Five amphibian species (B. orientalis, B. japonicus, C. pyrrhogaster, O. splendida, and R. japonica) kept under the same conditions at the breeding facility of Hiroshima University were analyzed. The 80 % core skin bacterial community was largely dominated by Flavobacteriaceae, followed by Moraxellaceae and Pseudomonaceae in B. japonicus, O. splendida, and R. japonica. In B. orientalis and C. pyrrhogaster, Pseudomonaceae was the most abundant family followed by unclassified Micrococcales and Flavobacteriaceae in the first species and Xanthomonadaceae and Comamonadaceae in the second (Fig. 2). ANOVA revealed differences in alpha diversity between the analyzed groups (P value < 0.001). Pair-wise tests between skin bacterial communities from the different species confirmed consistent significant differences for the number of OTUs, Chao1, and Faith’s PD indexes for the pairs: B. japonicusR. japonica and O. splendidaR. japonica, being R. japonica less OTU rich and alpha diverse in both cases (Table 2, Fig. 2). The bacterial communities clustered according to species and were all significantly different from each other in beta diversity (Fig. 3a, supplementary material, Table S2). At the 80 % core OTU level, B. orientalis had 41 OTUs, B. japonicus had 43 OTUs, C. pyrrhogaster had 23 OTUs, O. splendida had 51 OTUs, and R. japonica had 32 OTUs. From these, six OTUs were shared among all species (Fig. 3b, supplementary material, Table S3). A LEfSe analysis revealed 16 taxa which distinguished the skin bacterial communities of the various species. Ten of these were associated with B. orientalis, one with B. japonicus, one with C. pyrrhogaster, two with O. splendida, and two with R. japonica (supplementary material, Fig. S3).

Fig. 2
figure 2

Composition of the 80 % core skin bacterial communities of the analyzed species both dorsally and ventrally at the genus level. Most abundant bacterial genera are identified in the figure (full legend in supplementary material, Fig. S1). Unclass: group not classified bellow the order level. Other: group not classified bellow family level

Table 2 Comparisons of the alpha diversity values between species analyzed with ANOVA; P values are represented. Lower triangle reflects the differences in OTU numbers. Higher triangle reflects the differences in alpha diversity indexes: top value is related to the Faith’s PD index; bottom value is related to the Chao1 index
Fig. 3
figure 3

a Plots from a two-dimensional nMDS analysis (unweighted UniFrac) representing the species-related differences in the composition of the skin bacterial communities. b Venn diagram showing number of 80 % core OTUs shared between the six analyzed species

Body Region Effect

The dorsal and ventral surfaces of six amphibian species (B. orientalis, B. japonicus, C. pyrrhogaster, E. andersoni, O. splendida, and R. japonica) were compared.
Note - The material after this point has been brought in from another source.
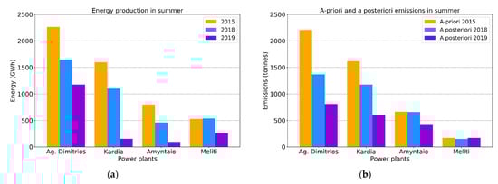 The total energy production per power plant for the summer period studied in years 2015, 2018 and 2019 is shown Figure 11a together with the a priori emissions in summer based in 2015 CAMS-REG emission inventory and the assimilated NOx emissions for 2018 and 2019 in Figure 11b. The energy production of the Ag. Dimitrios, Kardia and Amyntaio power plants decreases in 2018 and 2019 compared to 2015. These reductions are in accordance with the reductions found in the corresponding a posteriori NOx emissions (Figure 11b). It is also shown that energy production and NOx emissions in 2019 are even lower than in 2018. The relative differences between the a priori and a posteriori emissions directly compared to the relative differences between the power plant energy productions are shown in Table 5 for 2018–2015 and 2019–2015. Over the two larger power plants (Ag. Dimitrios and Kardia), the changes in energy and emissions are consistent for both 2018 and 2019. Larger decreases are found for both energy and emissions in 2019 compared to 2018 as well. In the case of the Meliti power plant, the emissions remain nearly the same, despite the fact that the energy production in 2019 is twice lower than in 2015 and 2018. Overall, the emission reduction is even more pronounced in 2019 compared to 2015 at the three largest power plants of Ag. Dimitrios, Kardia and Amyntaio and this is further confirmed by the reduction of the energy production in the same year that reaches at least 50%.

For all species, the 80 % core skin bacterial community of the dorsal and ventral surfaces were dominated by the same families and had similar abundances. Exceptions were found in B. orientalis and C. pyrrhogaster. On the ventral surface of B. orientalis, the abundance of Flavobacteriaceae was larger, while Pseudomonaceae and unclassified Micrococcales exhibited greater relative abundance dorsally. On the dorsum of C. pyrrhogaster, the abundance of Xanthomonadaceae was reduced when compared to the ventral surface, with Pseudomonaceae and Flavobacteriaceae being the most abundant families (Fig. 2). Differences in beta diversity were consistent across individuals as indicated by the clustering of bacterial communities according to body region in the nMDS plot (Fig. 4a, Table 3). For all species, the majority of core OTUs were shared between ventral and dorsal surfaces (Fig. 4b, supplementary material, Tables S4 to S9). With the exception of B. orientalis, no species showed differences in OTU richness or alpha diversity indices between dorsal and ventral cutaneous bacterial communities. In this species, all the metrics showed significant differences between the surfaces (Table 3), with larger values characterizing the ventral surface.

Fig. 4
figure 4

a Plots from two-dimensional nMDS analyses (unweighted UniFrac) representing the body region-related differences in the composition of the skin bacterial communities. b Venn diagrams showing number of 80 % core OTUs shared between the dorsal and ventral body surfaces for the six analyzed species

Table 3 Comparisons of the OTU richness, alpha diversity values (Faith’s PD and Chao1) and structure (B-C: Bray-Curtis distance matrix; Un-Uni: unweighted UniFrac distance matrix) of the communities between dorsal and ventral surfaces analyzed with ANOVA

Discussion

Our study adds to the evidence characterizing the cutaneous bacterial communities of amphibians as being influenced by captivity, host species, and body region (e.g., [17, 20]). Bacterial communities of the skin of captive and wild Japanese amphibians were dominated by Gamma-Proteobacteria, Bacteroidetes and in some amphibian taxa Actinobacteria, which is in agreement with findings from amphibians in North America [17, 20], Central America [39, 40], and Europe [41]. Our study, herein, provides evidence that captive environment, body region, and host identity influence the community composition.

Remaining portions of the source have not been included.